Le Conseil national du sida ( CNS ) avait de son côté interpellé les politiques à l’occasion de cette journée nationale pour réclamer un accès universel aux nouveaux traitements pour tous:

«Concernant une pathologie fréquente, elle représente un cas sans précédent en France de restriction d’accès de certains patients à de nouveaux traitements plus efficaces, uniquement en raison de leur caractère onéreux. En l’absence de justification thérapeutique, le Conseil national du sida et des hépatites virales considère que cet accès différentiel constitue une discrimination entre patients qui n’est pas acceptable sur le plan éthique.» 

Parallèlement à cette annonce, la ministre a également déclaré que les arrêtés concernant l'autorisation des Test d'orientation rapide au dépistage (TROD) du VHC seront publiés prochainement. Egalement, l'expérimentation de salles de consommation supervisée commencera cette année à Paris et Strasbourg.

L'AFEF salue une «journée historique»

Enfin, les membres de la Societé française d'hépatologie (AFEF) se déclarent «heureux de ces propos» et salue une «journée historique» pour les patients et les hépatologues: «Il ne devrait plus y avoir d’obstacle au traitement des patients qui le souhaitent. (...) L’AFEF a proposé déjà depuis février 2016 des valeurs seuils de marqueurs non-invasifs pour initier ces traitements. Les propos de Marisol Touraine confirment que les praticiens peuvent appliquer les valeurs seuils proposées par l’AFEF pour initier un traitement dès cet été.»

Concernant une modification des réunions de concertation pluridisciplinaire (RCP), la ministre a demandé un rapport à l’Agence nationale de recherche sur le sida et les hépatites virales (ANRS) et au CNS. Selon l'AFEF, «il va être confiée au Professeur Daniel Dhumeaux. Ce rapport sera prêt pour septembre 2016 et vise à préciser les parcours de soins pour permettre l’accès universel au traitement (y compris aux patients qui ne sont pas encore dépistés).»

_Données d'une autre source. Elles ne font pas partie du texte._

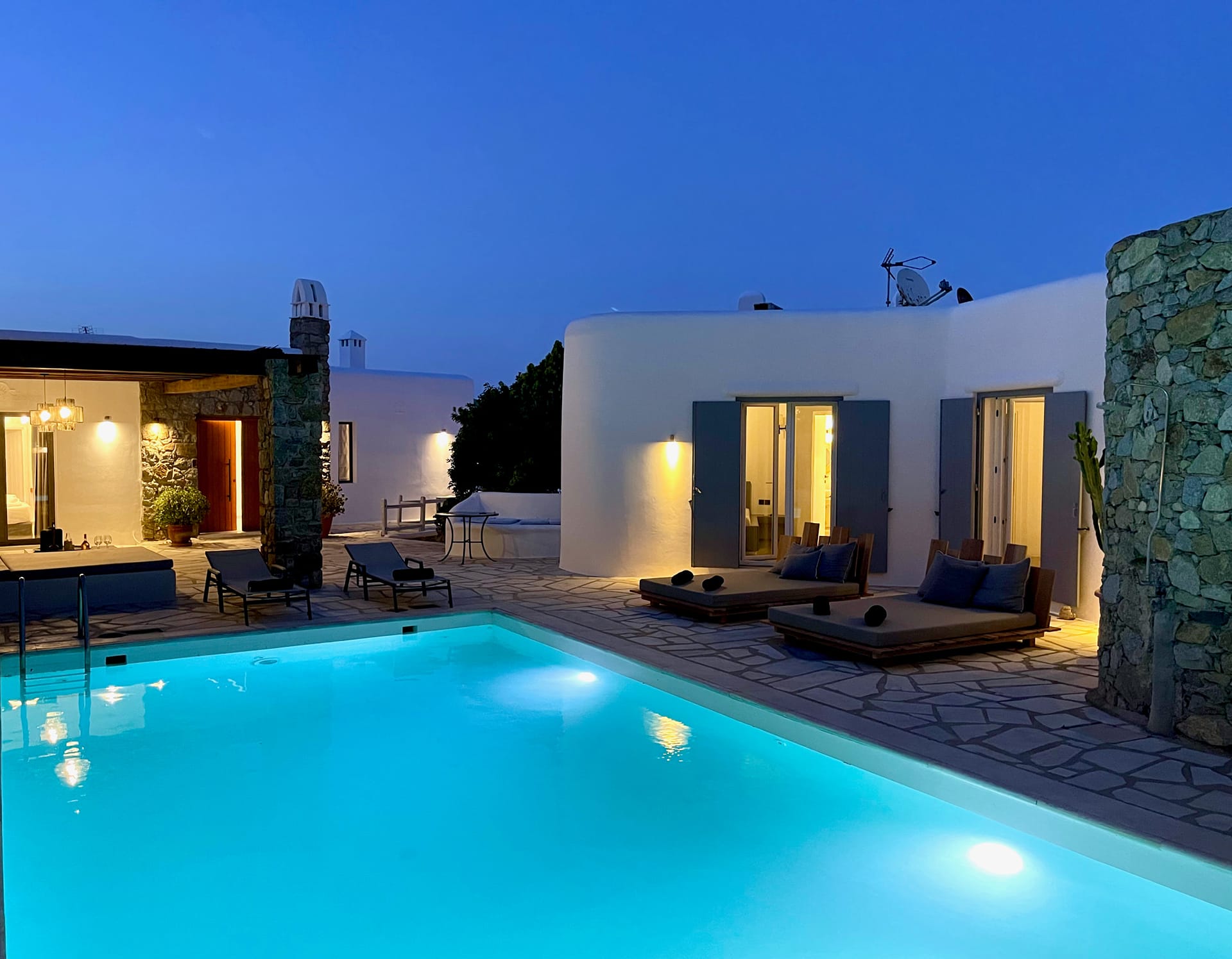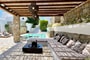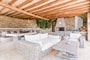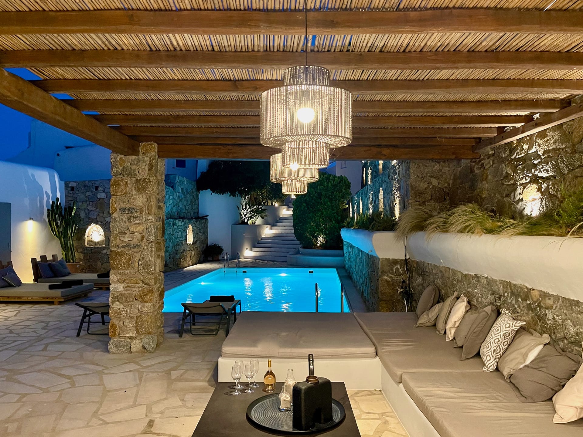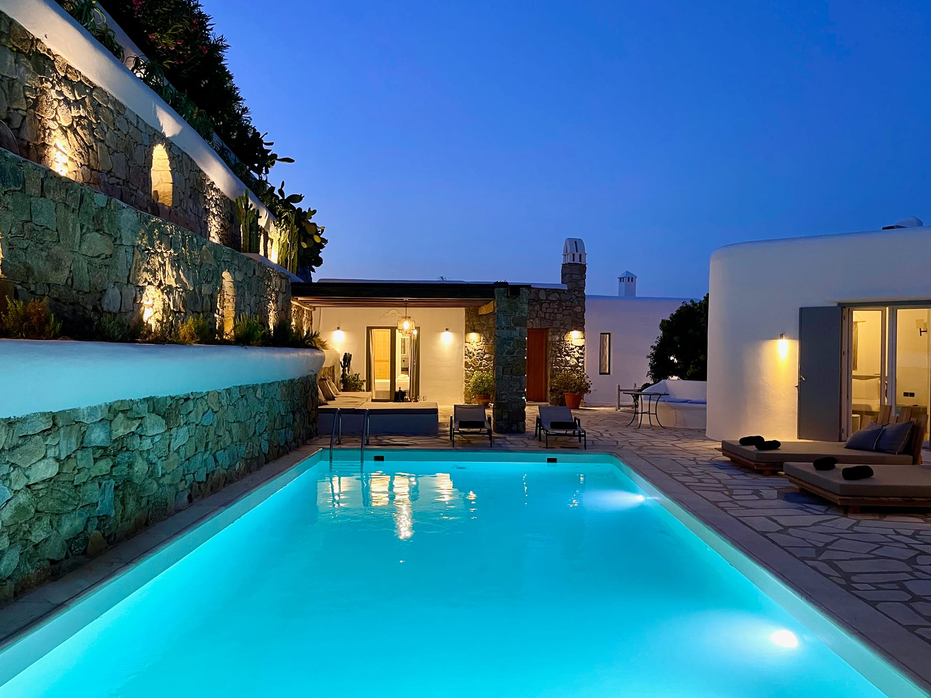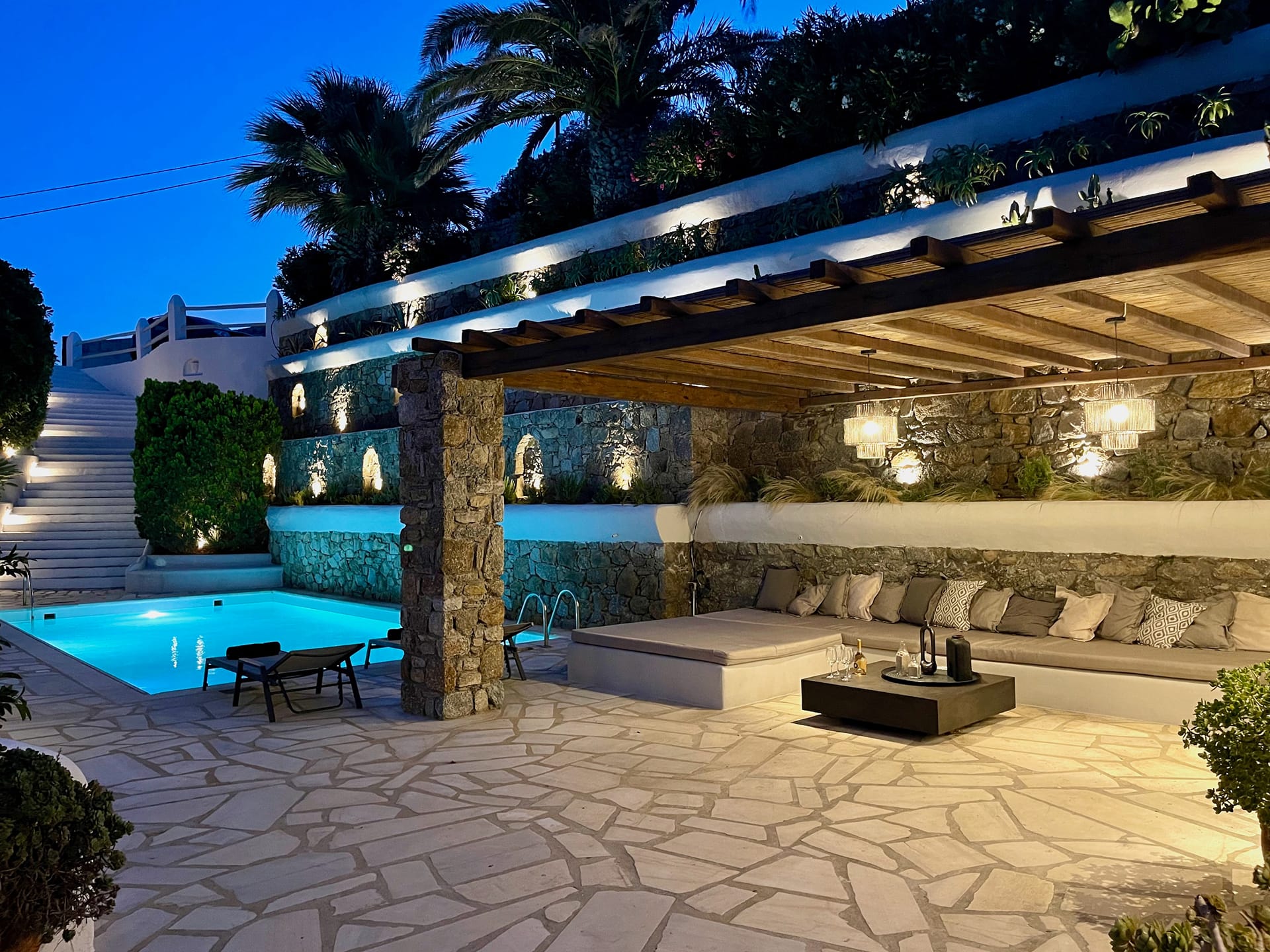 Guests can enjoy open-air living around the pool, with multiple lounging and dining areas under pergolas or beneath the starry sky. The villa is composed of a two-level main house plus two independent guest houses, accommodating up to 14 guests comfortably across seven en-suite bedrooms.

L'AFEF se félicite de cette évolution des RCP , qui «ne seront plus des contrôles des indications de traitement mais une aide aux personnes prenant en charge le patient pour lui permettre une prise en charge adaptée et optimale : proposition d’un schéma thérapeutique, éclairage sur de potentielles interactions médicamenteuses, mise en place d’un soutien social, d’un suivi addictologique etc…»

La Ministre a en effet déclaré que «quelle que soit l’évolution des modes de prescription, je veux rappeler que les RCP répondent à des préoccupations de santé et ne sauraient en aucun cas être un lieu de contrôle administratif des prescriptions. Je le rappellerai aux établissements de santé.»